“Show me two people that think alike and I show you one who isn’t thinking.”
– Robert Noone
“We have to be on the same page.” “You’ll never 100% agree with me.” “We’ll never see eye to eye.” How many times have you heard things like that from the people you love? Many of us believe that in order to get along with the people we care about, we need to have similar ideas, opinions, religions, and political party affiliations. We get upset when people don’t agree with us, and we regularly believe that we’re right and others are wrong. We try so hard to get people to see our point of view that when they don’t, we wonder if our relationships are worth maintaining. It’s human nature to want to belong, and we often hang out with like-minded people who are similar to us. It can make us feel uneasy to be around people who think differently. But what if we could change our perspective and ease up on the idea that we need to think the same exact way as other people in order for our relationships with them to work? What if we could get along with others while understanding that we may not see eye to eye all the time?
Differentiation of Self
I often wonder what gets in the way of people being their own selves in relationships. What causes us to feel an innate possessiveness over other people’s opinions, beliefs, and perspectives? How can we learn to respect each other even if we don’t always agree? When pondering these questions, I can’t help but think about the concept of differentiation of self.

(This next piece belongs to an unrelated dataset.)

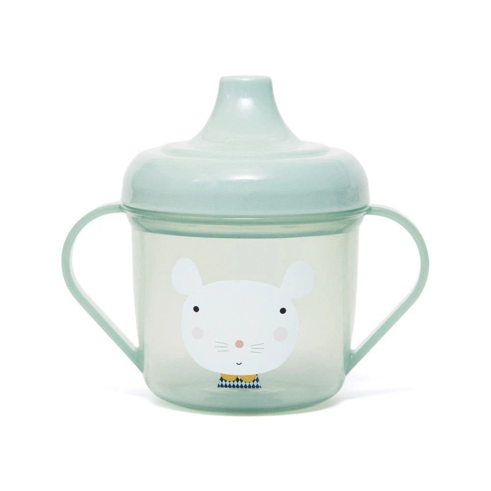 Transparent training cup bear with a screw lid and a spout. The cup has two handles to hold the cup. Cup holds 190 ml – 6,4 oz, tritan bottle + PP lid. Dishwasher proof not suitable for microwave.

Differentiation of self is an idea derived from Murray Bowen’s Family Systems Theory. Simply put, it refers to the ability to separate our feelings from our thoughts. Undifferentiated people have a hard time making this distinction; when prompted to think about something, they’re so submerged in their feelings that they have difficulty being reasonable and responding logically to the situation at hand.
Becoming more differentiated means learning to manage your own part in your relationships, instead of trying to manage other people’s emotions and reactions. This means being part of an emotional unit while being able to control your own functioning at the same time. By paying attention to your body, mind, and emotions during disagreements within your relationships, you can learn to balance your co-occurring needs for togetherness and individuality.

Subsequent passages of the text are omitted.